* Problem to work on: Nothing but the lines from the first line of the entries through the line with "Air monitoring station" should appear in the answer, transcribed exactly and free of pictures.
BEGIN Given information
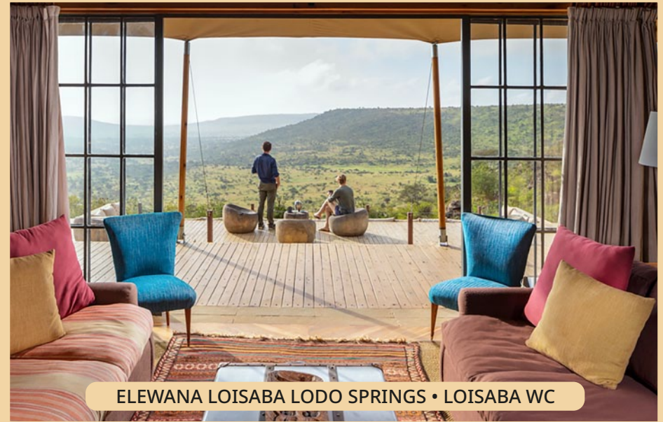
ELEWANA LOISABA LODO SPRINGS • LOISABA WC
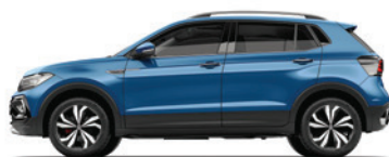
RISING BLUE METALLIC
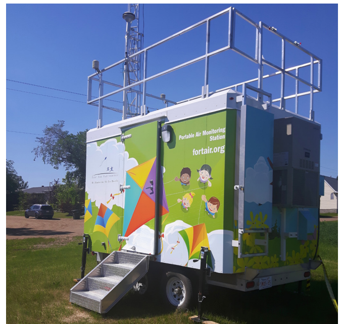
Air monitoring station

Fort Air Partnership also has 47 other monitors that are called passive monitors. In these monitors, air flows past a filter. The filters are collected once a month to see how much of a pollutant is on the filter. These monitors are located next to fields and roads.
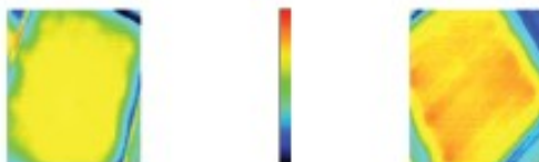
Temperature across screed surface 80 mins after turning under floor heating on

Sand Cement Surface Temperature Gyvlon Screed
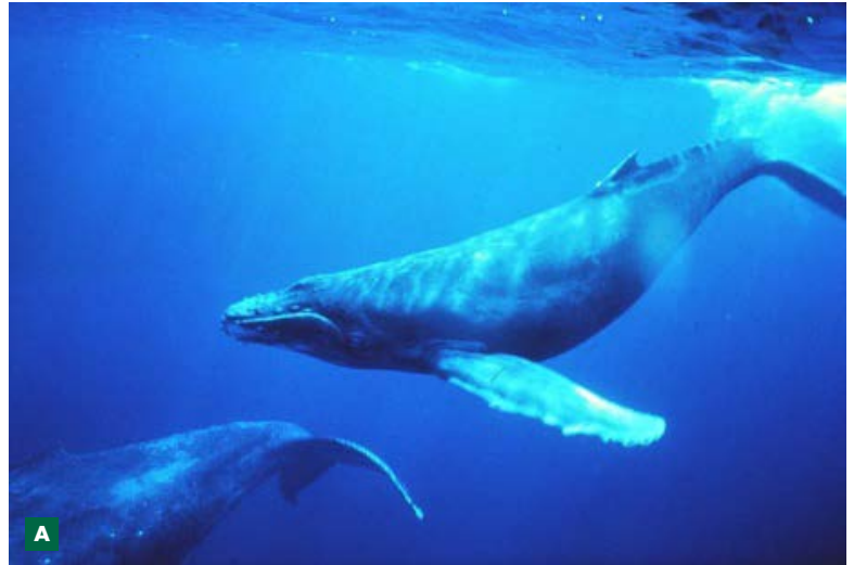
A Humpback Whales in Gabon
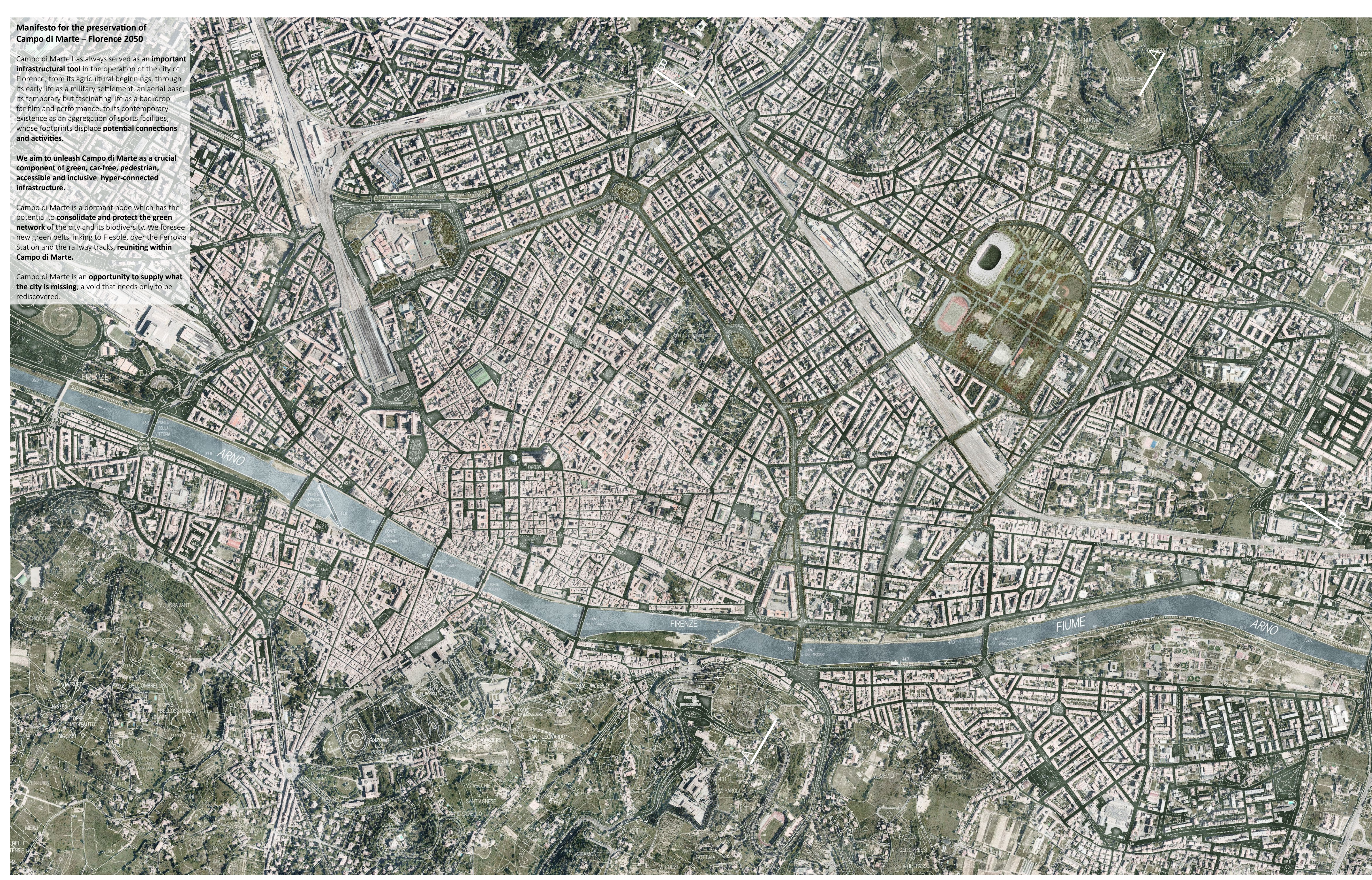
CAMPO DI MARTE 2026 | Nevralgic Green Infrastructure
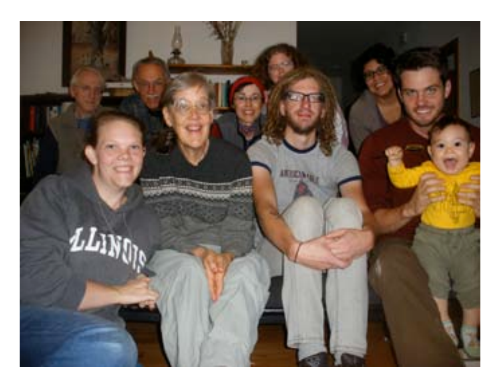
RPF first year novices take time to retreat at Emmanuel Lodge September, 2012
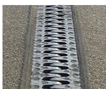
Cantilever finger joint
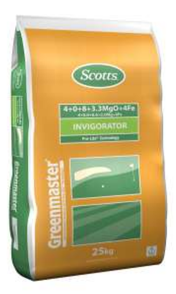
New packaging 2013
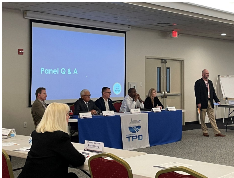
Figure 2. Modal Panel Q & A
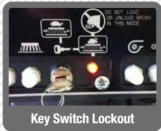
Key Switch Lockout
END Given information
* Exercise answer:
ELEWANA LOISABA LODO SPRINGS • LOISABA WC
RISING BLUE METALLIC
Air monitoring station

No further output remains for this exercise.